Reputation: 17038
I'm trying to parse a very large file using FParsec. The file's size is 61GB, which is too big to hold in RAM, so I'd like to generate a sequence of results (i.e. seq<'Result>), rather than a list, if possible. Can this be done with FParsec? (I've come up with a jerry-rigged implementation that actually does this, but it doesn't work well in practice due to the O(n) performance of CharStream.Seek.)
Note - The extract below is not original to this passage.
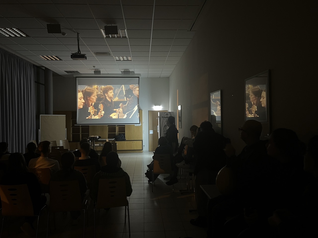 Bei der letzten Gesamtprobe des Tages wurden die beiden Gruppen wieder zusammengeführt, um das Erarbeitete gemeinsam umzusetzen. Nach dem langen Probentag hieß es: zusammenfinden und einen Video-Rückblick auf unsere erfolgreiche Teilnahme am Wettbewerb für Auswahlorchester (wao22, wir berichteten hier…) nehmen. Aber auch danach blieb noch genügend Zeit für ein paar Runden Poker oder gemütliche Gespräche.

The file is line-oriented (one record per line), which should make it possible in theory to parse in batches of, say, 1000 records at a time. The FParsec "Tips and tricks" section says:
If you’re dealing with large input files or very slow parsers, it might also be worth trying to parse multiple sections within a single file in parallel. For this to be efficient there must be a fast way to find the start and end points of such sections. For example, if you are parsing a large serialized data structure, the format might allow you to easily skip over segments within the file, so that you can chop up the input into multiple independent parts that can be parsed in parallel. Another example could be a programming languages whose grammar makes it easy to skip over a complete class or function definition, e.g. by finding the closing brace or by interpreting the indentation. In this case it might be worth not to parse the definitions directly when they are encountered, but instead to skip over them, push their text content into a queue and then to process that queue in parallel.
This sounds perfect for me: I'd like to pre-parse each batch of records into a queue, and then finish parsing them in parallel later. However, I don't know how to accomplish this with the FParsec API. How can I create such a queue without using up all my RAM?
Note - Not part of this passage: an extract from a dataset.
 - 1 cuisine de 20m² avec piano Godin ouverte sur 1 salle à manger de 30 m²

FWIW, the file I'm trying to parse is here if anyone wants to give it a try with me. :)
Upvotes: 4
Views: 974
Reputation: 3838
The "obvious" thing that comes to mind, would be pre-processing the file using something like File.ReadLines and then parsing one line at a time.
If this doesn't work (your PDF looked, like a record is a few lines long), then you can make a seq of records or 1000 records or something like that using normal FileStream reading. This would not need to know details of the record, but it would be convenient, if you can at least delimit the records.
Either way, you end up with a lazy seq that the parser can then read.
Upvotes: 5